猪(イノシシ)の背に乗り、疾風のように駆け抜ける女神・摩利支天(まりしてん)。元々はインド神話の女神であり、太陽の光、特に**「陽炎(かげろう)」**が神格化されたものです。陽炎は、目に見えるけれど手で掴むことも、剣で切ることも、焼くこともできません。この「傷つかない」「捉えられない」という性質から、日本の武士たちは彼女を最強の護身・必勝の神として熱狂的に信仰しました。
武士と忍者の守護神
名だたる武将の信仰
「楠木正成」は兜の中に小さな摩利支天像を忍ばせていたと伝わり、「毛利元就」や「前田利家」も熱心な信者でした。
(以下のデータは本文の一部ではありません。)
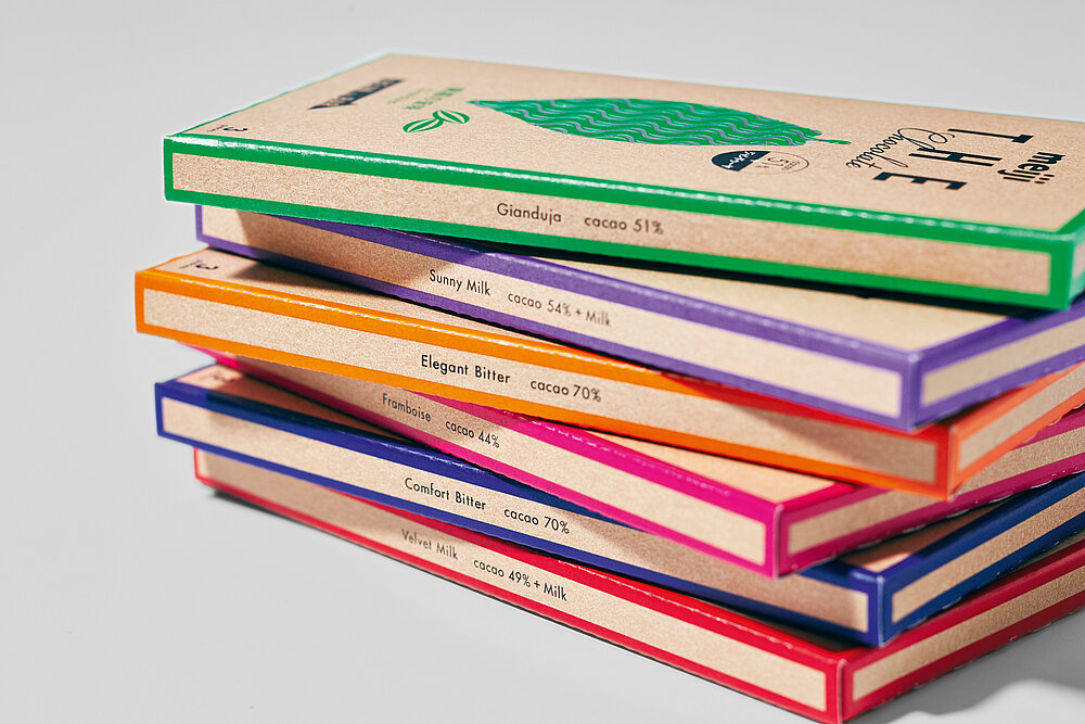 This product uses a simple packaging design that features the logo, illustrations of cacao and a kraft paper texture. The foil stamps and colours vary according to the cacao flavour. By displaying the variety of designs side by side, the boxes look like a book series. The layout was chosen to evoke a page from a cacao reference book. The key visuals on the front are abstract patterns to reflect the individual characteristics of the bean used. While the outside of the package remains simple in order to convey the message clearly, the inside is lined with the full pattern to evoke a sense of excitement and expectation upon opening.

戦場において敵に見つからず、奇襲を成功させ、無傷で帰還するために、摩利支天の真言(オン マリシエイ ソワカ)は最強の呪文とされたのです。
忍術の祖?
その「隠形(姿を消す)」の能力から、摩利支天は忍者の守護神とも見なされました。日本三大八幡の一つ、鳩森八幡神社(東京・千駄ヶ谷)の将棋堂の隣や、上野アメ横の徳大寺など、今でも各地で祀られています。
イノシシに乗る女神
亥年の守り神
摩利支天はしばしば、7頭のイノシシに乗ったり、イノシシ車を引かせたりする姿で描かれます。このため、十二支の亥(いのしし)年生まれの守り本尊とされています。脇侍や乗り物がイノシシであるため、狛犬ならぬ「狛猪」が置かれている寺院もあります。
まとめ
実体を持たず、しかし確かに存在する光の化身、摩利支天。誰にも縛られない自由と、災厄をすり抜ける強運を、彼女は授けてくれるでしょう。